Éva a lu pour vous ..
Chroniques littéraires
Lettres à Missy
Colette
Editions des Femmes Antoinette Fouque Bibliothèque des voix
Mai 2019
Lu par Anouk Grinberg
Roman
Chronique
31 octobre 2019
Durée 1h11 ; morceaux de Satie, Fauré, Sibelius interprétés par Joëlle Guimier. Réalisation de Francesca Isidori.
« Mon amour chéri, j'ai enfin reçu une lettre de vous, la première ! Je suis bien contente. Elle est bougon, elle est gentille et je la trouve délicieuse, puisque vous dites que votre odieux enfant vous manque ! Ma chérie, cela suffit pour me combler de joie, et j'en suis devenue rouge, toute seule, de plaisir, d'une sorte d'orgueil amoureux. Que ce mot ne vous choque pas mon pudique petit Missy, il n'y a vraiment que le mot amour qui puisse servir pour dire la complète, la complexe et exclusive tendresse que j'ai pour vous. »

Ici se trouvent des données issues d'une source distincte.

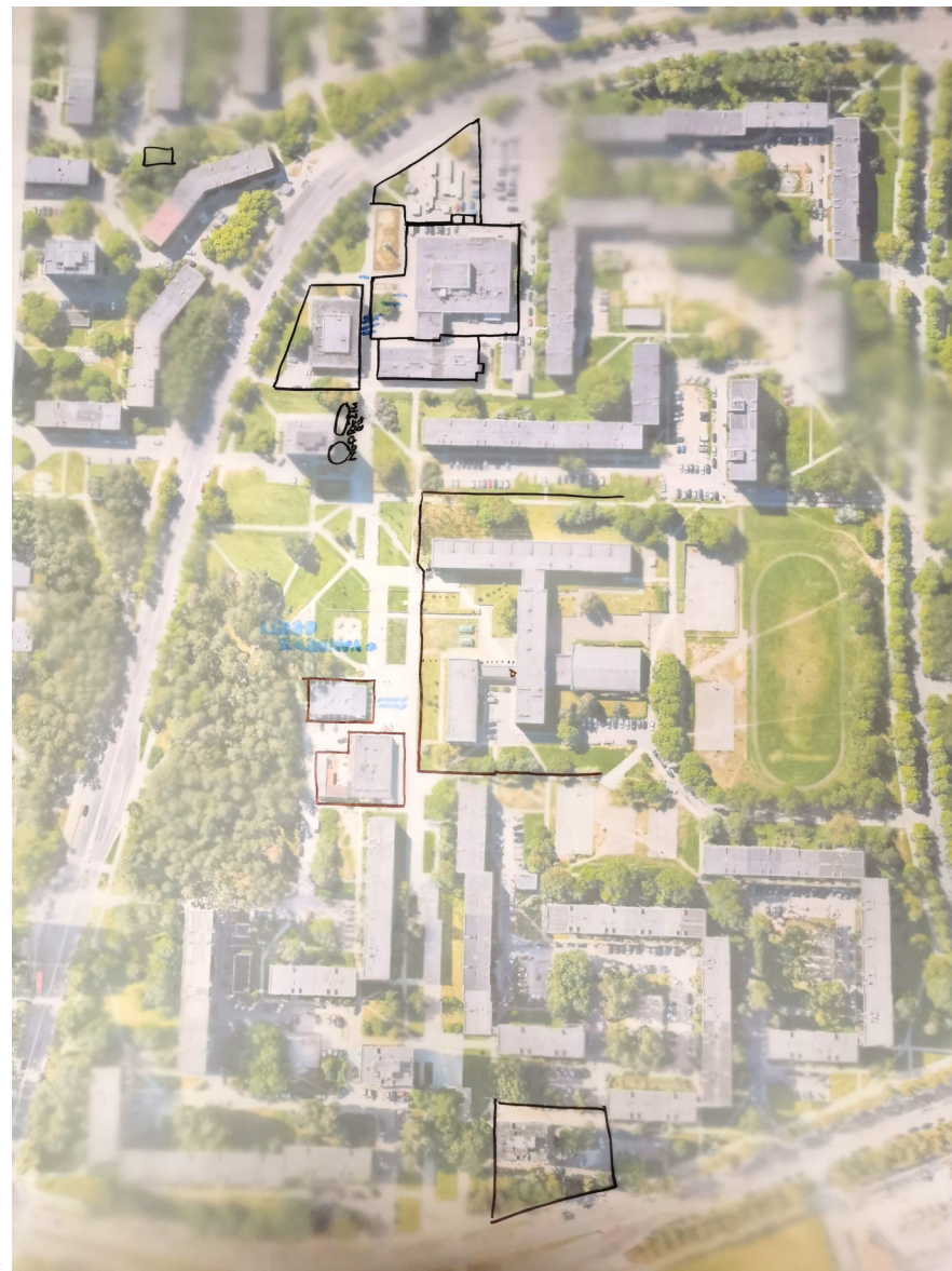
Susitikimo metu kurtas kliūčių žemėlapis.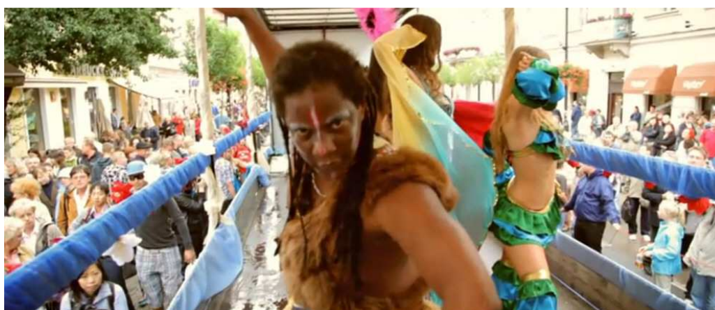
Kadr ze spotu dokumentującego IV Wielokulturowe Warszawskie Street Party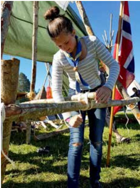
På landsleir lærar vi å pionere.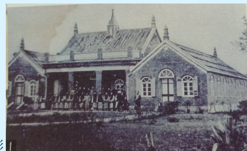
圖一：馬偕與牛津學堂學生合影

如今理學堂大書院被內政部評定為二級古蹟，亦是新北市市定古蹟，並位於真理大學之校區內。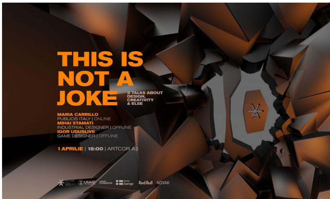
Figura 2. Evenimentul cultural cu genericul „Design Fundamentals” [5]

Artcor nu este doar un complex arhitectural, ci şi un centru cultural. Aici au loc expoziţii de artă, evenimente culturale şi expoziţii de fotografie [5]. După analiză amplă a proiectelor s-au clasificat sfere importate care sunt dezvoltate în cadrul Artcor, câteva din ele: film ( festivalul “ Classfest ”), muzica (concertul “ Cosmos în Buzunar ”), game development (cursul “ Modeling for Games ”), graphic design ( “Design Fundamentals” ) (fig. 2).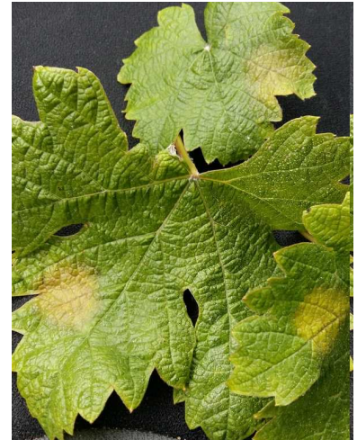
Mildiou – Taches d'huile

Des contaminations élites restent possibles dès 2 mm.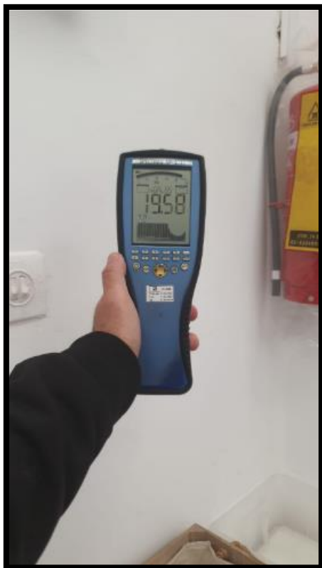
תמונה מס'2-הערך המתקבל בגב לוח חשמל מסדרון מעבר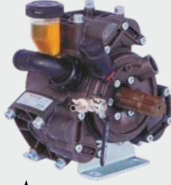
▲ COMET APS 51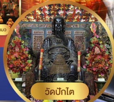
วัดปึกโต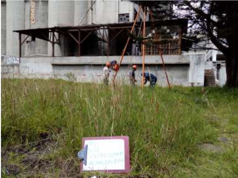
SONDEO P-1, PROCESO DEL ENSAYO DE PENETRACION ESTANDAR SPT.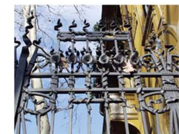
Particolari delle lavorazioni in ferro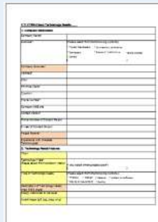
Lembar Data Teknologi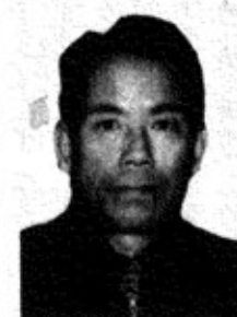
大谷内 農業 55才

①町議一期、商工会理事及監事、消防分団長、地区副総代 ②過去四年間の経験を生かし、財政健全化と、町民サービスに取り組む町政に、微力を尽くしたい。 ③和南津部落が直面している水路及び道路の整備。生活関連施設の整備。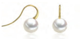
• 03 311.1660 750/-GG Ohrhaken, Süßwasser-Zuchtperle, rund, weiß, 8 - 8,5 mm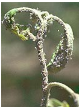
Obr. 3: Napadnutý letorast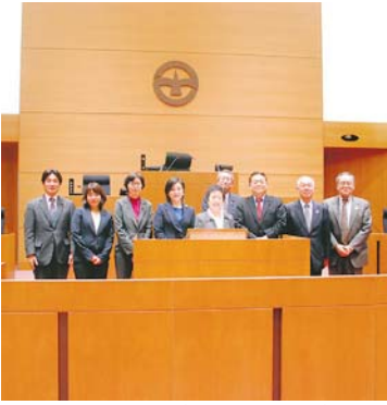
視察風景（町田市役所）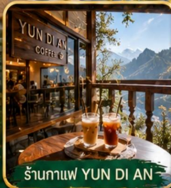
ร้านกาแฟ YUN DI AN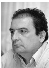
PIŠE: VLADIMIR GLIGOROV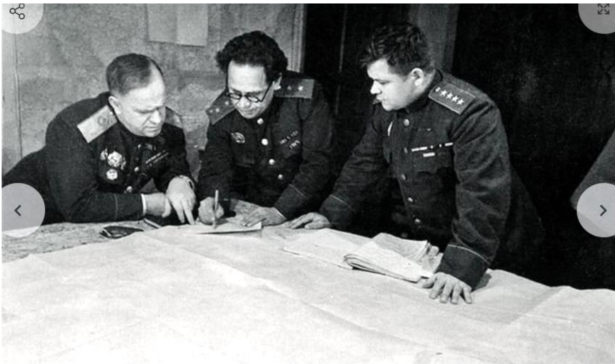
Обсуждение оперативных планов с Г.К. Жуковым. В центре - начальник штаба фронта генерал-лейтенант А. Боголюбов. 1943 г.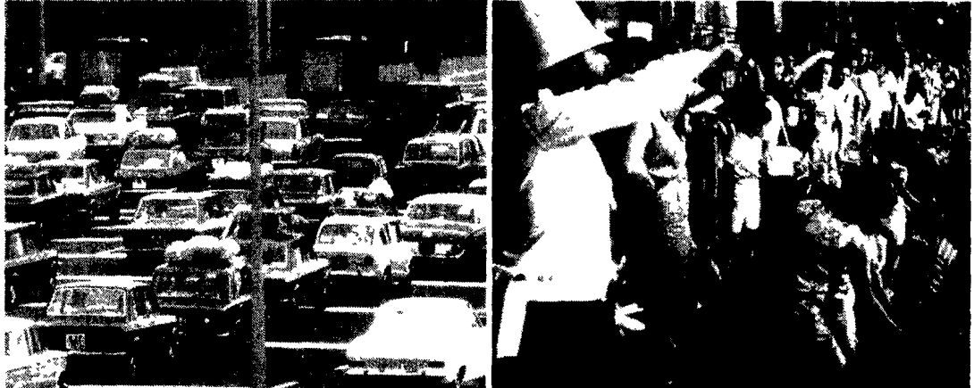
Intenso ma scorrevole il traffico di ieri su autostrade e strade statali e provinciali su tutta la Penisola. Il secondo giorno del ferie si è svolto in modo ordinato, quale si spera con la riapertura delle fabbriche. Il traffico è stato intenso ma scorrevole.

Gli automobilisti hanno accettato il consiglio di viaggiare di notte e di evitare le autostrade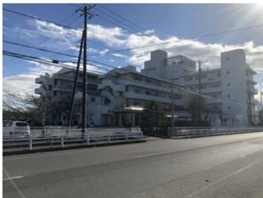
社会医療法人社団同仁会木更津病院まで1,512m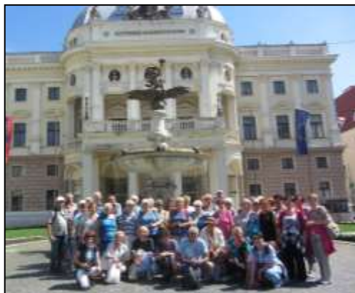
poznávací zájezdy – jednodenní Bratislava - Vídeň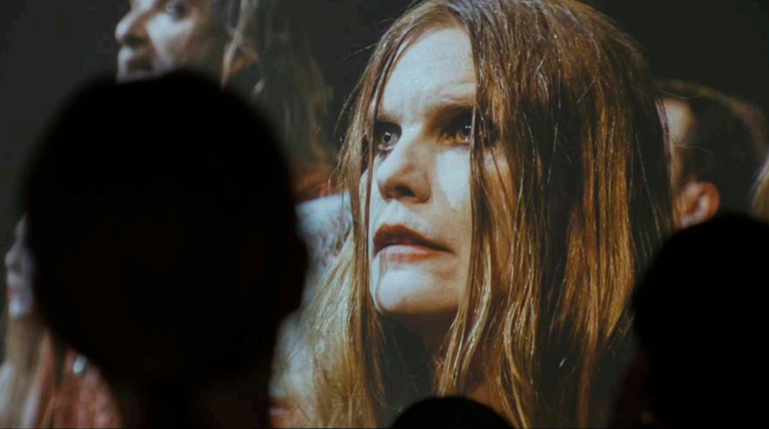
Stillbild från Requiem SHM 24217 (2023)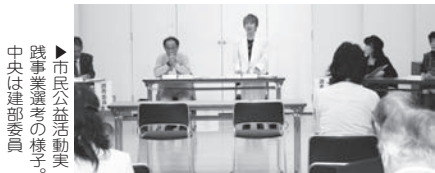
▶市民公益活動実践事業選考の様子。中央は選考委員

対象 市内在住または在学、在勤、市民活動に関心のある18歳以上の人で、年4回程度の会議に出席できる人 ※市民公益活動団体関係者委員は、市内のボランティア団体や市民活動団体に所属し活動している人が対象 募集人数 いずれも2人以内 任期 2年 申込期限 3月1日(日) ◎詳しくは、地域経営室(☎63-7484)へ

Lettre de Colette à Missy, Éditions Flammarion, 2009.
J'ai écouté deux fois ce CD, afin de ne rater aucun détail, aucune inflexion de voix ou soupir. Car dans cette collection, comme l'écrit Antoinette Fouque, « la voix c'est l'Orient du texte. »
Le timbre feutré, grainé, à la prononciation glissante comme en abandon, en lâcher prise psychologique et sentimental, et au débit changeant, suivant les humeurs en perpétuelle métamorphose de l'écrivaine, m'ont forcée à me concentrer plus encore. Pas de point d'accroche grâce à une accentuation des consonnes, non, c'est au sens des mots, au sous texte, que l'on doit s'attacher.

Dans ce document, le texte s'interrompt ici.